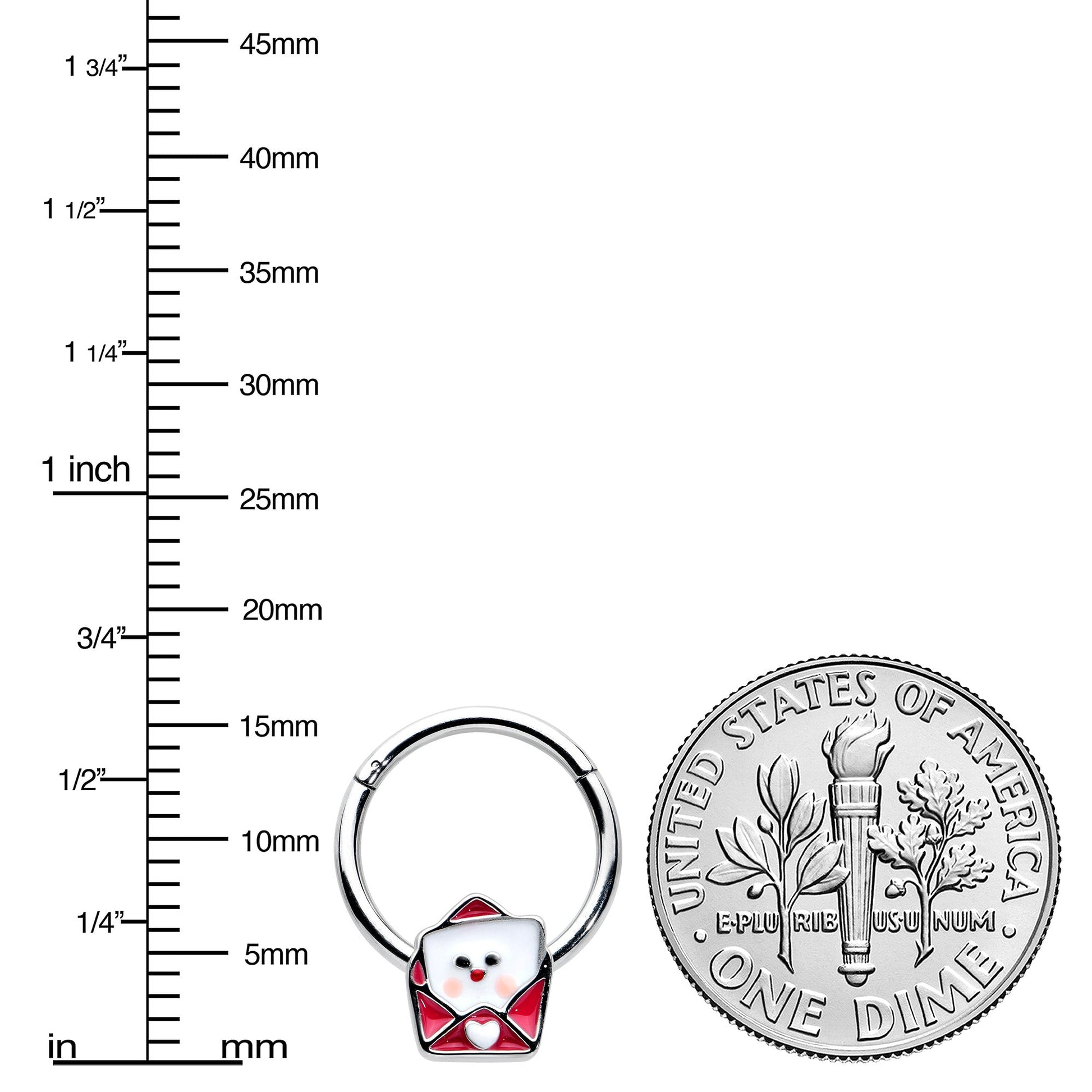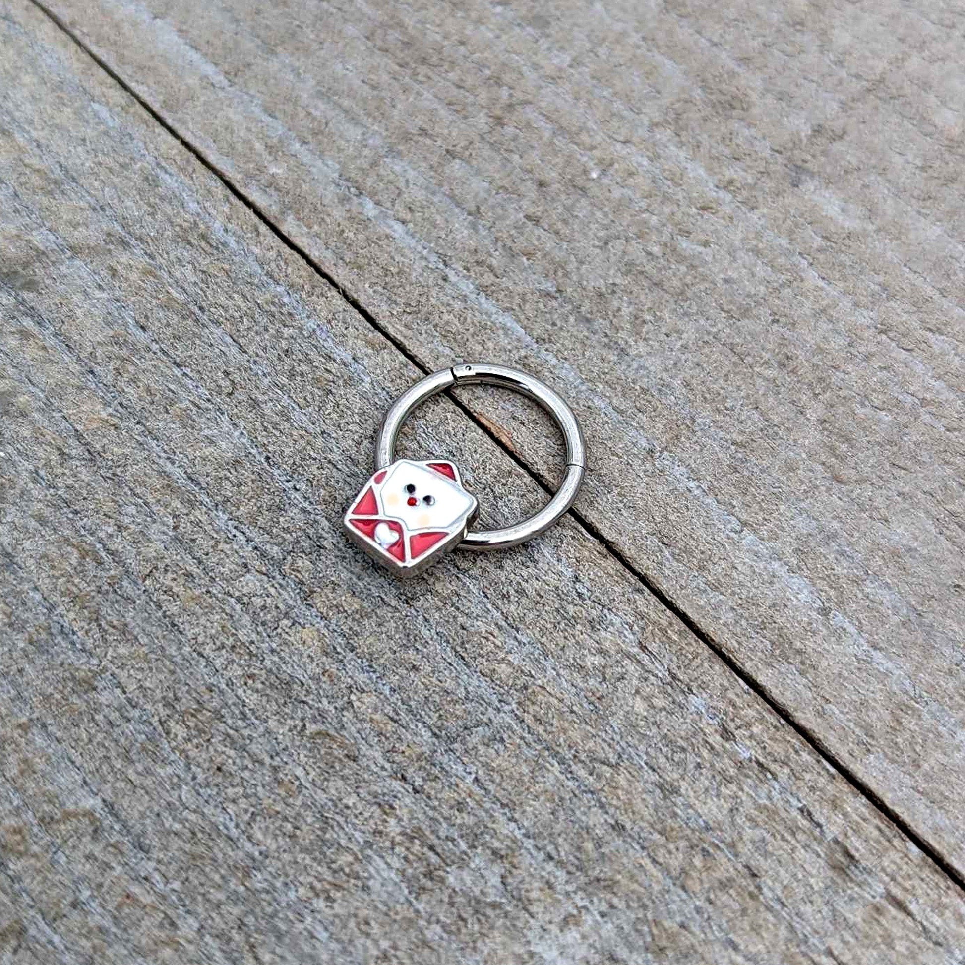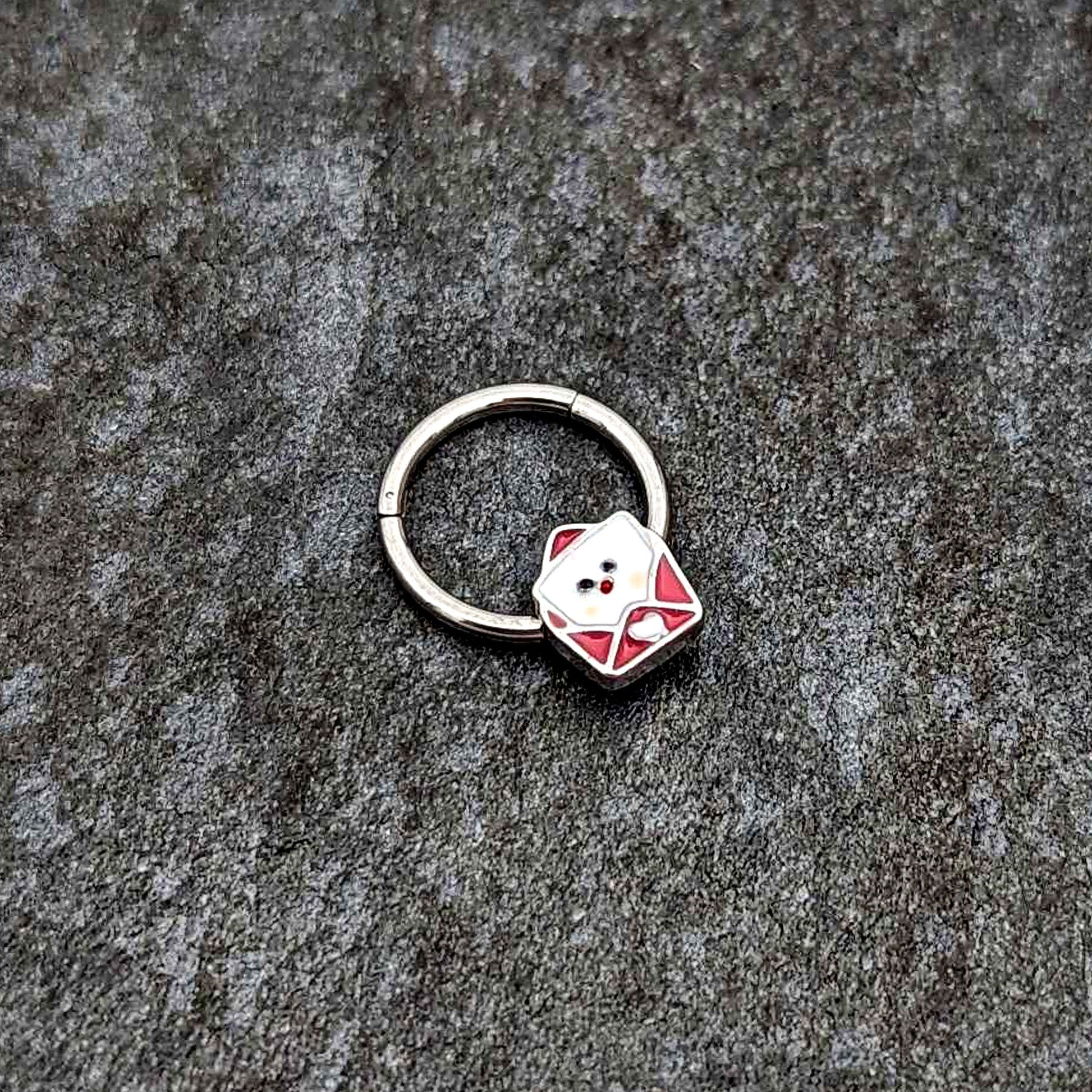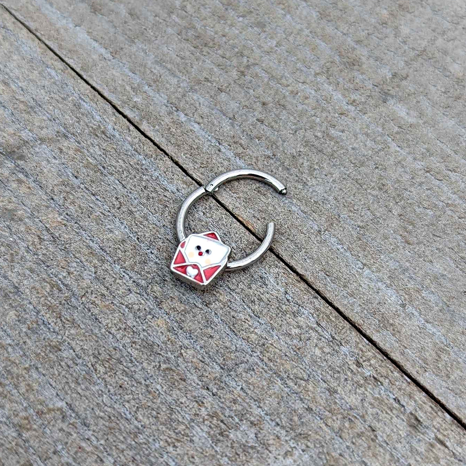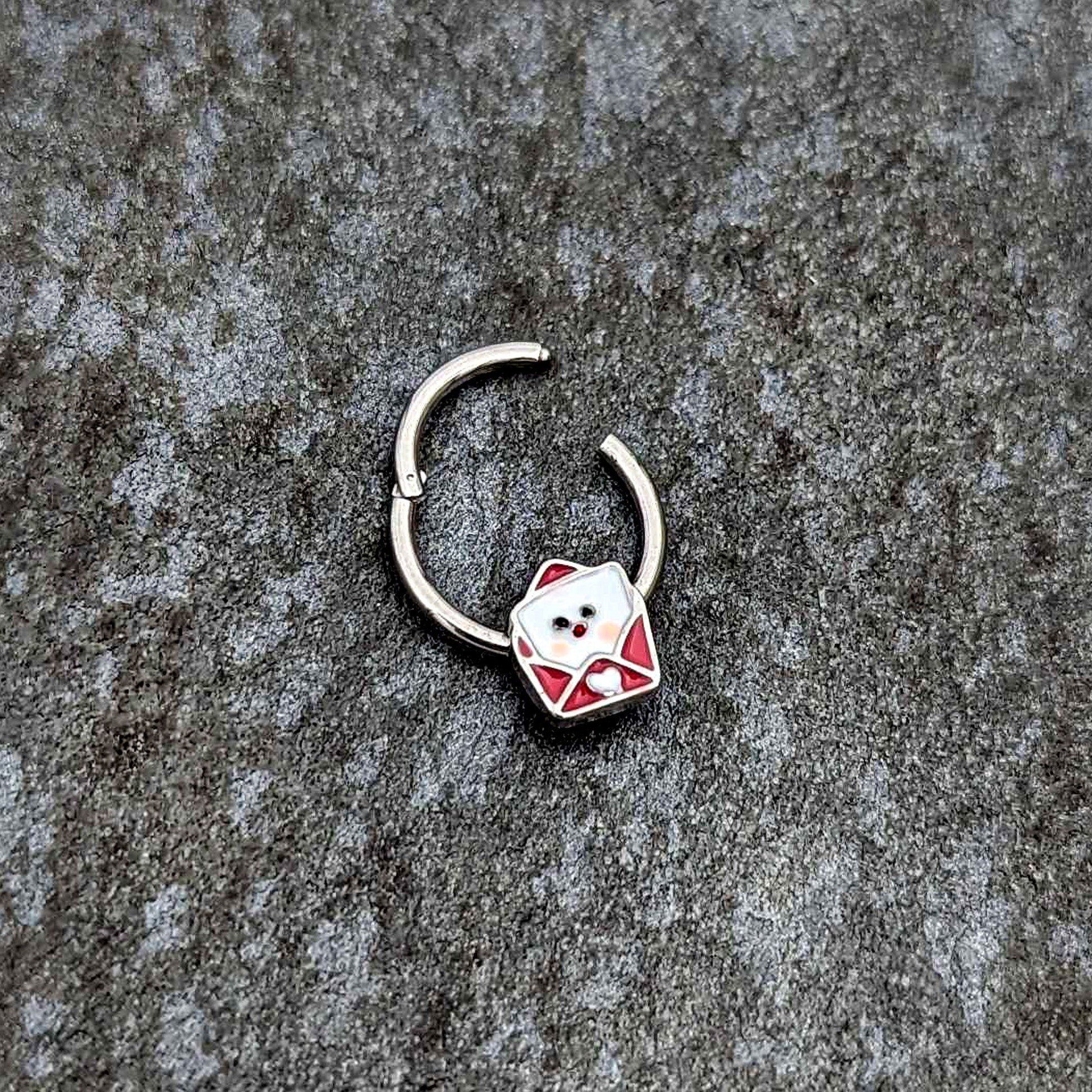 Tell your piercings how you really feel with this 16 gauge septum ring! It's made with a 10mm durable 316L surgical grade stainless steel hinged circular ring. It features a valentine charm, with a red inlaid envelope and a white love letter peeking out. The envelope is further embellished with a small white heart. It also features a non-removable, hinged segment and you can rock this in multiple piercings including tragus, helix, and some daith piercings. Express yourself with this endearing Valentine's Day cartilage piercing ring!
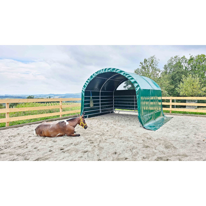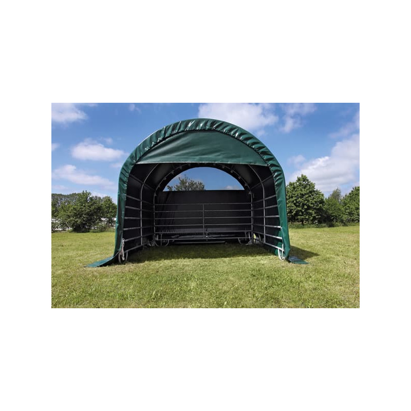 Die lange Dachplane besteht aus einer PVC-Gewebemembran mit einem Gewicht von ca. 670 g/m2. Dachplanenbefestigung mit Gurten. 4 x 4 m (Breite x Länge) Gewicht: 27 kg
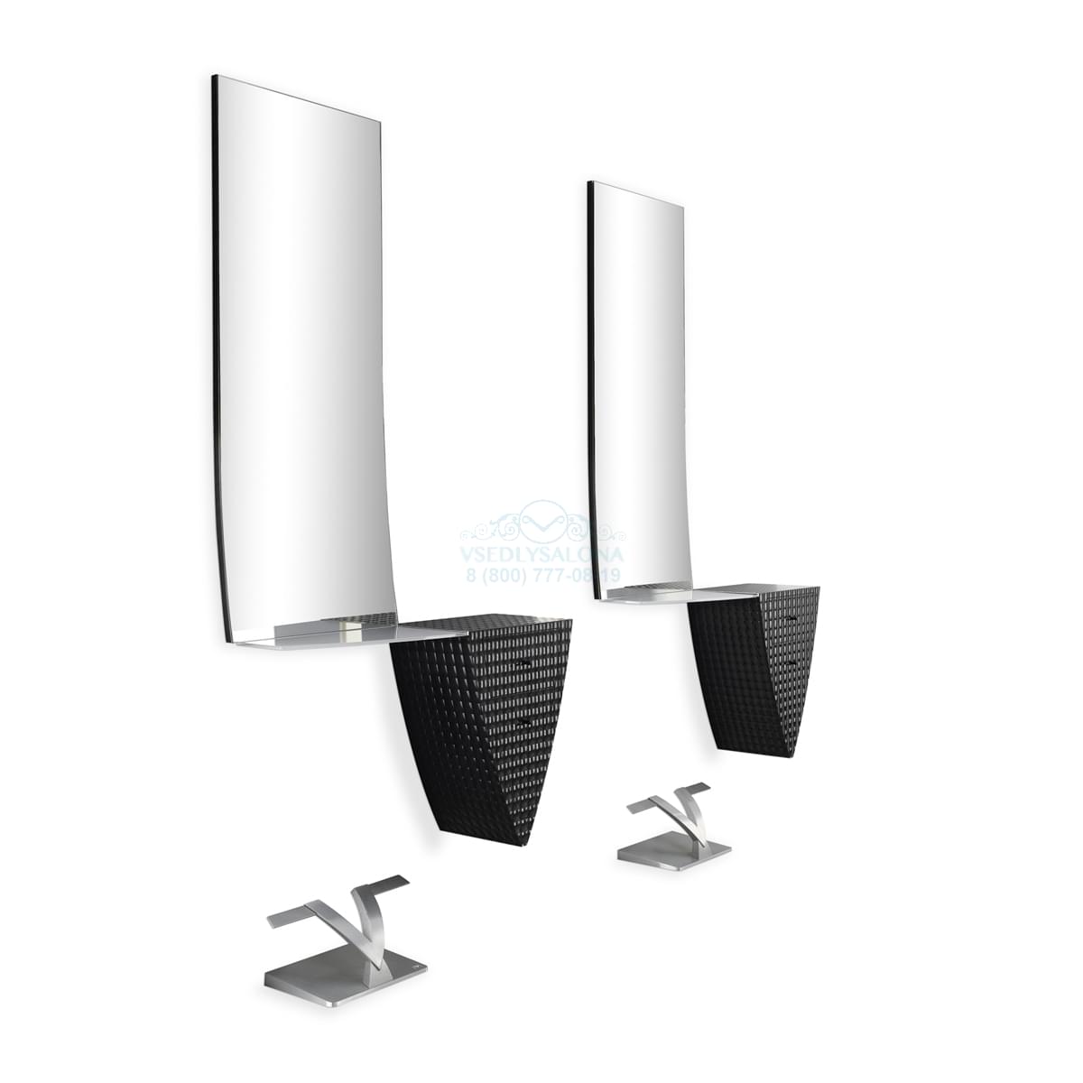 Зеркало парикмахерское выполнено из жемчужного ламината черного цвета с внутренней гравировкой, металлическая подножка, стеклянная полка, выдвижной ящик для инструментов и фена.

▸ Work instructions
Word for word, restate every line of the listing, omitting the pictures.

▸ Exercise response
 Tell your piercings how you really feel with this 16 gauge septum ring! It's made with a 10mm durable 316L surgical grade stainless steel hinged circular ring. It features a valentine charm, with a red inlaid envelope and a white love letter peeking out. The envelope is further embellished with a small white heart. It also features a non-removable, hinged segment and you can rock this in multiple piercings including tragus, helix, and some daith piercings. Express yourself with this endearing Valentine's Day cartilage piercing ring!
 Die lange Dachplane besteht aus einer PVC-Gewebemembran mit einem Gewicht von ca. 670 g/m2. Dachplanenbefestigung mit Gurten. 4 x 4 m (Breite x Länge) Gewicht: 27 kg
 Зеркало парикмахерское выполнено из жемчужного ламината черного цвета с внутренней гравировкой, металлическая подножка, стеклянная полка, выдвижной ящик для инструментов и фена.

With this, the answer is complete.